Skilled Nursing Facility
Services (Preapproval)
Benefits are provided for care in a skilled nursing facility
for as long as the services are not considered custodial
or domiciliary care. Benefits are limited to semi-private
accommodations (or an allowance equal to this rate which
may be applied to private accommodations). During a skilled
nursing facility admission, members of Keystone’s patient
care management team are monitoring your stay to assure
that a plan for your discharge is in place. This is to make
sure that you have a smooth transition from the facility
to home or other setting.

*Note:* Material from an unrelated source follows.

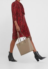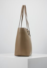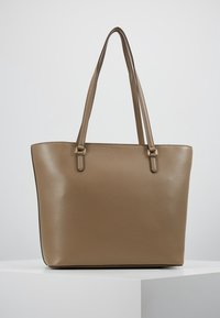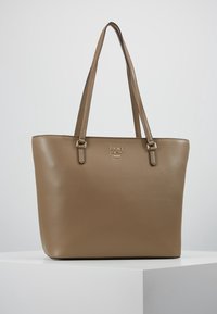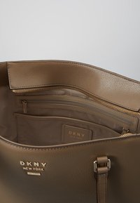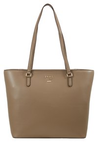 Sac fourre-tout en cuir couleur taupe de DKNY avec deux anses d'épaule, présenté sur un piédestal blanc contre un fond neutre.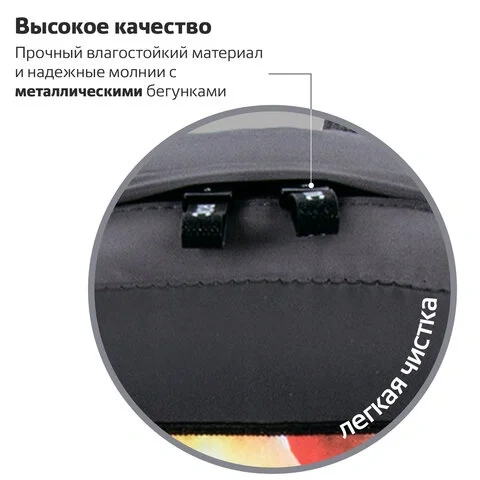 Внутри основного отделения предусмотрен фиксатор для тетрадей.

A Keystone case manager will work
closely with your primary care physician or referred specialist
to help with your discharge and if necessary, arrange for
other medical services.
If your primary care physician or referred specialist
agree with Keystone that continued stay in a skilled nursing
facility is no longer required, you will be notified in
writing of this decision. If you remain in the facility
after notification, the facility has the right to bill
you after the date of the notification. You may appeal
this decision through the grievance process.
Specialist Services
Covered services provided by referred specialists. Services
resulting from referrals to non-participating providers
will be covered when the referral is issued by your primary
care physician and preapproved by Keystone. The referral
is valid for an enrolled member for 90 days from the date
of issue. Self-referrals are excluded, except for emergency
and routine gynecological and obstetrical care. Additional
covered services recommended by the referred specialist
will require another written referral from your primary
care physician.
Surgery (Preapproval)
Surgical services required for treatment of disease or injury.